Cultural Residencies

At the heart of all NAISDA learning is the cultural residency program.

For more than 30 years NAISDA Dance College has been building long lasting links with traditional communities. It is through these links that NAISDA has been able to contribute so greatly and uniquely to the development of contemporary indigenous dance throughout Australia.

NAISDA residencies deliver a multi-layered three-fold cultural immersion program.

1. College Residency I

Between four and six traditional tutors leave their home communities early each year to live on campus at NAISDA Dance College on the NSW Central Coast for between two and four weeks. During that time, NAISDA students immerse in all aspects of traditional dance and lifestyles, with a learning focus ranging from dance, song and cultural understanding to traditional prop and costume-making.

When the traditional tutors return home, NAISDA’s own tutors are responsible for rehearsing the dances throughout the year. This also greatly influences developing artists’ introduction to choreography and their own individual dance styles.

2. Traditional Residency

Toward the end of the year, NAISDA’s students return the visit in the traditional tutors’ own homelands. These residencies run from 10 days to three weeks, providing NAISDA’s young developing artists with a transforming experience.

The developing artists live in the community with their hosts, gaining in-depth experience of traditional life. They are accepted into the community, form bonds that last a lifetime and are immersed in a unique cultural experience that has a profound emotional and spiritual effect on them.

These field trips are life changing experiences that leave participants with a true sense of themselves and their culture.
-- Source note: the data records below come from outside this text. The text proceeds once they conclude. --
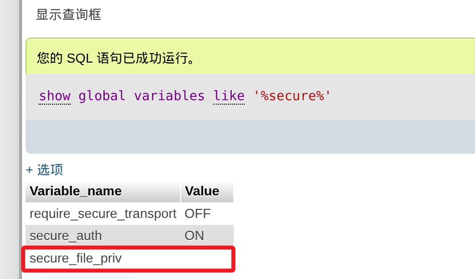 Phpmyadmin 后台可执行 SQL 语句,而且在 phpinfo 中可得知系统网站路径,因此尝试写入 webshell。首先检查 secure_file_priv 值,如果该值没有设置则可进行任意导入导出,如果该值设置了具体目录则只能对该目录进行操作,最后如果该值设置为 NULL 则不允许导入导出。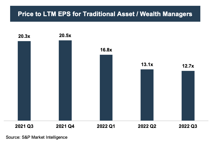 As valuation analysts, we are often interested in how earnings multiples have evolved over time since these multiples can reflect market sentiment for the asset class.  After steadily increasing over the second half of 2020 and throughout 2021, LTM earnings multiples for publicly traded asset and wealth managers have dropped nearly 40% this year, reflecting investor anticipation of lower revenue and earnings from the recent market decline and rising cost structure.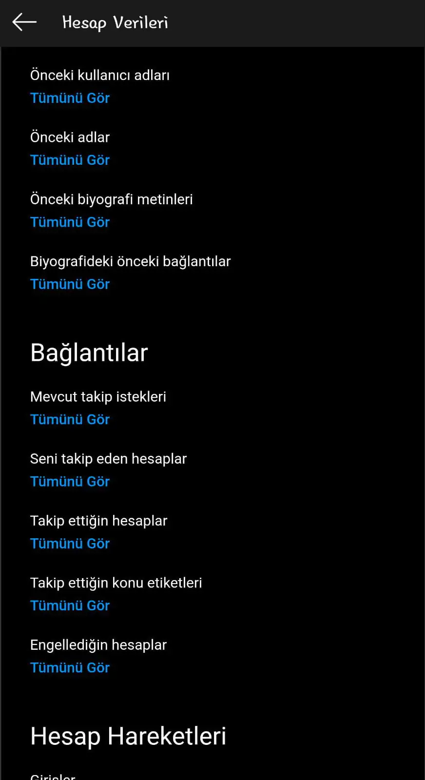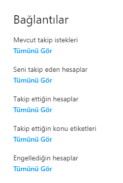 Gelen ekranda Mevcut takip isteklerinin altında ki Tümünü Gör seçeneği ile Mevcut Takip İstekleri Görme Takip isteği gönderdiğiniz kullanıcıları görebileceksiniz. İsterseniz takip isteklerinizden iptal diyerek vazgeçebilirsiniz.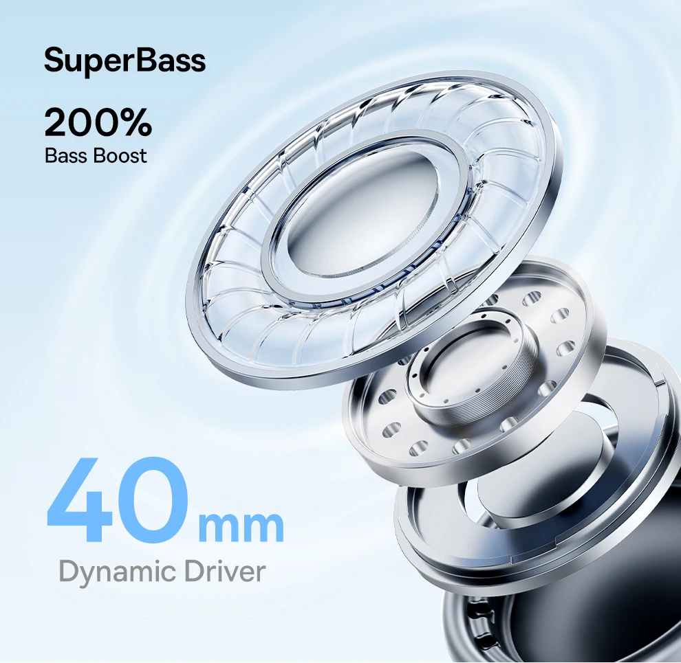 1. Super Bass imersivo: experimente graves profundos e socos com drivers dinâmicos de 40 mm e tecnologia SuperBass para aumento de graves de 200%.De graves agitados a agudos cristalinos, cada nota atinge cada nota perfeitamente para um som rico e natural.E o algoritmo de áudio espacial oferece uma experiência de áudio envolvente semelhante ao de um teatro.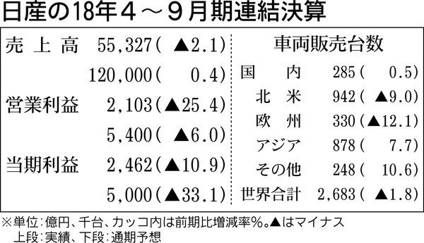 日産、3年連続営業減益 4~9月期、中国好調で減少幅縮小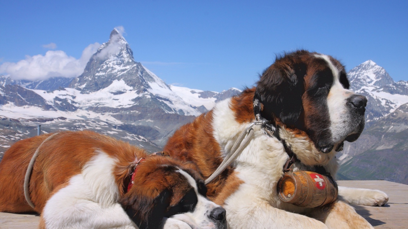 Два сенбернара в горах Обои для рабочего стола 1366x768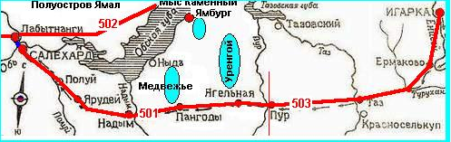 И всё-же поражает мудрость людей, которые проектировали эту стройку. Посмотрите внимательно в междуречье Оби и Енисея — дорога проходила через нефтегазоносные районы этого региона, и будь она построена, насколько быстрее страна получила бы отсюда, и с меньшими затратами, нефть и газ. А ведь дорогу туда — до Тазовской губы — все равно построили, только она прошла по меридиану — от Тюмени на север, на несколько тысяч километров по тайге и тундре.
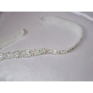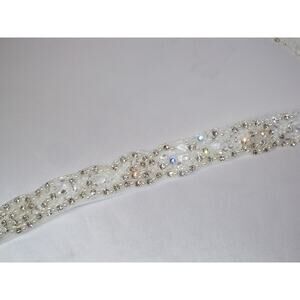 Rhinestone and bead horsehair skinny bridal belt. a beautiful stiff belt that hold it shape all night long. It is 1 inch wide. and has plastic snaps and hook and eye closure.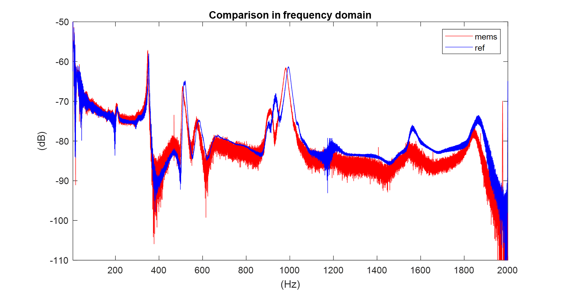 Ignoring the peak occurring at 0 Hz, which is attributable to the DC-Offset in sensor positioning along the gravity vector, a slight difference in the intensity of the excitation appears in the second half of the bandwidth. Here, the red MEMS curve is found to be below the level of the blue reference curve. This discrepancy can be corrected in the calibration process.
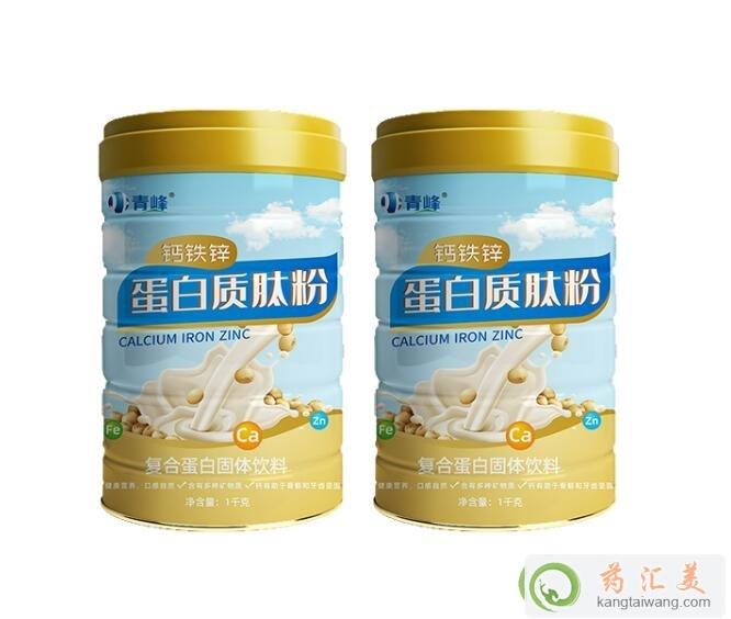 青峰鈣鐵鋅蛋白質肽粉是一款動植物蛋白相結合的蛋白質鈦粉。大豆蛋白與牛乳蛋白四比一的比例組合,動物性蛋白質和大豆蛋白質所含的必需氨基酸種類齊全、比例恰當,人體利用率高,稱為優質蛋白質。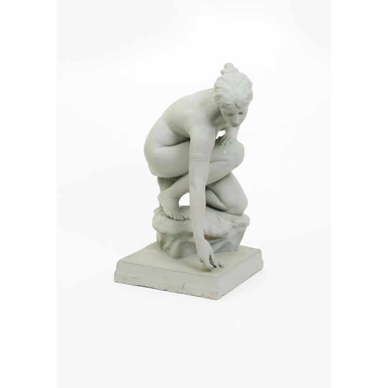 A tall terracotta sculpture of a woman crouching cast from a model by Emil Caver

To dance on the land where the dances were created and passed down creates the essential close connection that grounds a developing artist’s cultural dance understanding and technique.

3. College Residency II

The final visit for the year is when the traditional tutors return to the college once more to teach and take part in NAISDA’s annual end of year show. This residency focuses on the performance and costume aspect of the dance and its performance in a contemporary context while remaining true to its traditional form. This is when artists and audiences start to understand the value of the cultural residency program.
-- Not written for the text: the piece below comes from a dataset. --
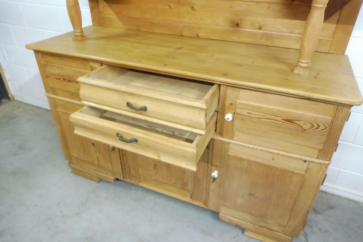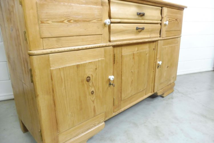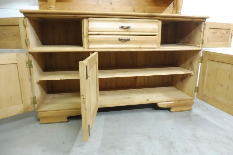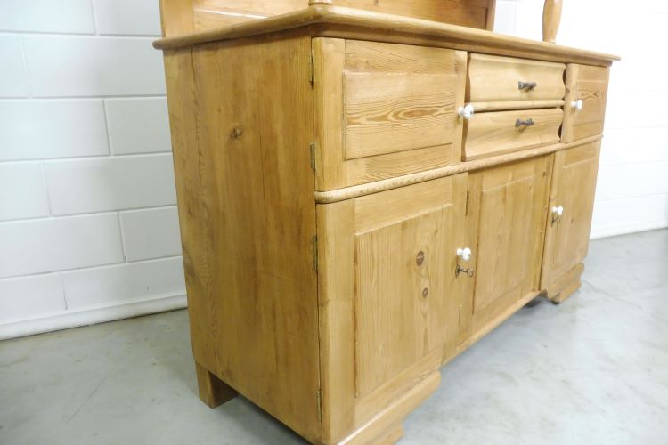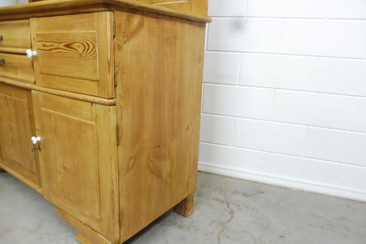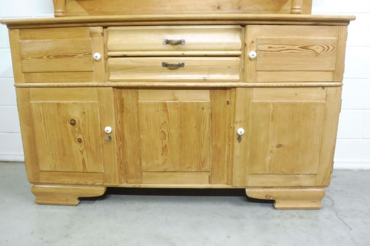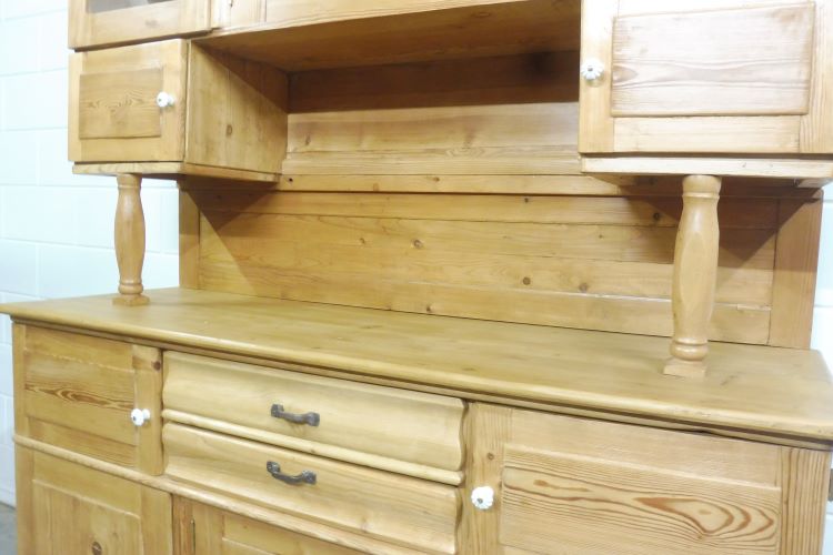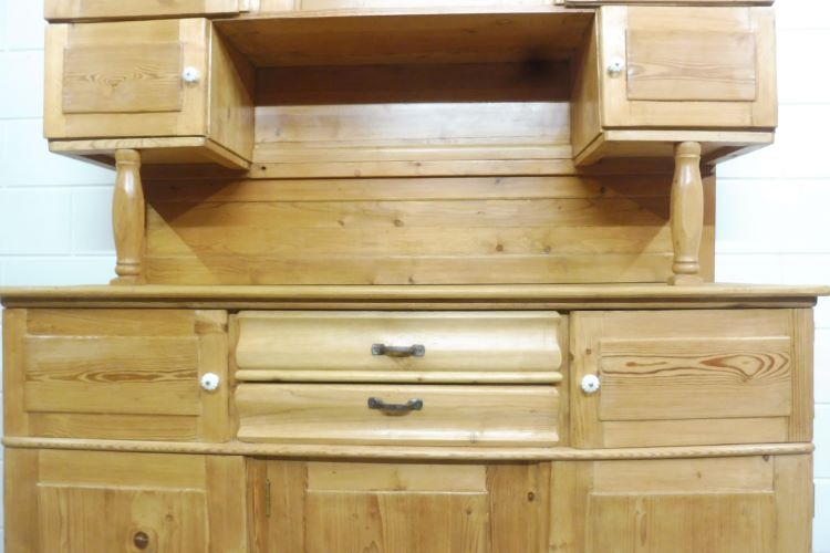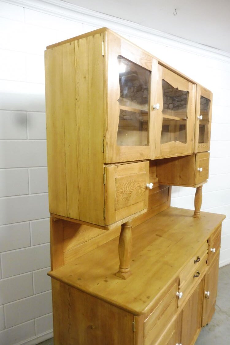 Beautiful antique Art Deco softwood kitchen hutch. Restored and treated with wax. Dismantles into 2 parts. Ready for immediate use. Height 206 cm Width 160 cm Depth 55 cm

Traditional TSI dances are created for performance and so there is a natural transition process that never fails to excite audiences.
But in traditional Aboriginal dance, the relationship is between the dancers and the musicians. To transfer this to a stage with an audience involves a delicate balance. It is the job of the director to work with the traditional tutors and developing artists to retain the integrity of the form while also entertaining a contemporary audience, which is the essence of this program.